All right, so I just bought Lush's marron & noir hennas... I'm going to try a mixture using equal amounts of both.  My hair is naturally black with dark & light brown highlights left over from several months ago (yikes), so hopefully the overall effect isn't too drastic.


----------



## Naffy (Feb 6, 2006)

Henna is basically a plant that's dried, and smashed into powder form. Women and men in South Asia (mosty India, Bangladesh, and Pakistan) have been using it for generations on their hair. It's amazingly healthy, and colors your hair without damaging it at all. I love the feeling after I've put henna in my hair. I'm from Bangladesh, so I have family mail it to me. And i love using it on my hands and feet, honestly, I'd die without it.


----------



## Pei (Feb 24, 2006)

I just henna-ed my hair! It's still wet btw 
	

	
	
		
		

		
		
	


	




My mixture:

- Pure Henna powder 200g
- A mug of chinese tea with a tbl spoon of honey
- Juice from 2 lemons
- Sweet orange EO from TBS

I was too anxious to get my hair henna-ed, and I only let my mixture set for abt 30mins. (I stained my fingers orange and i assume that it's ready for dyeing)






Results: Very natural reddish-orange tint with ultra shine & softness! It smells sooooo good too! It's the ULTIMATE hair masque on earth!


----------



## fireatwill (Mar 7, 2006)

Wow. Your hair looks great im gonna have to try that!


----------



## Rank_as (Mar 17, 2006)

deleted


----------



## sallytheragdol (Mar 18, 2006)

Does it wash out/fade(will I have to deal with roots, basically)?
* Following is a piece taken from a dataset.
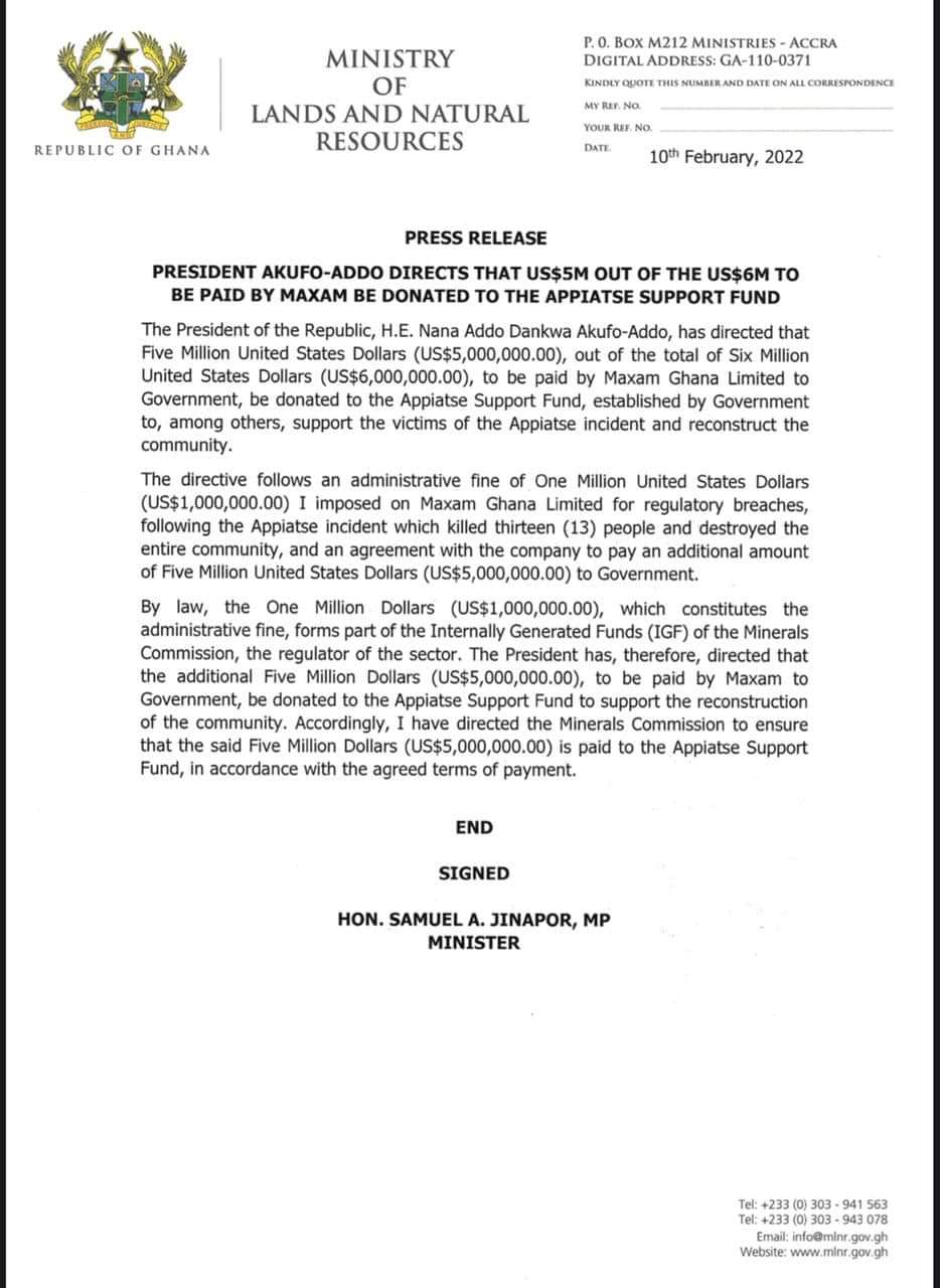 “The President has therefore directed that the additional Five Million Dollars (US$5,000,000.00), to be paid by Maxam to Government, be donated to the Appiati Support Fund to support the reconstruction of the community.”

What are the best brands to try? is there a way to strand test it or do you have to do your whole head?


----------



## user79 (Apr 3, 2006)

I've had mixed results with henna. The thing that annoys me the most is how varied the results are from the pictures on the box, or the samples of hair they have at the drugstore. I once tried a mahogany shade and my hair was like a purply black when it came out. I didn't like it at all.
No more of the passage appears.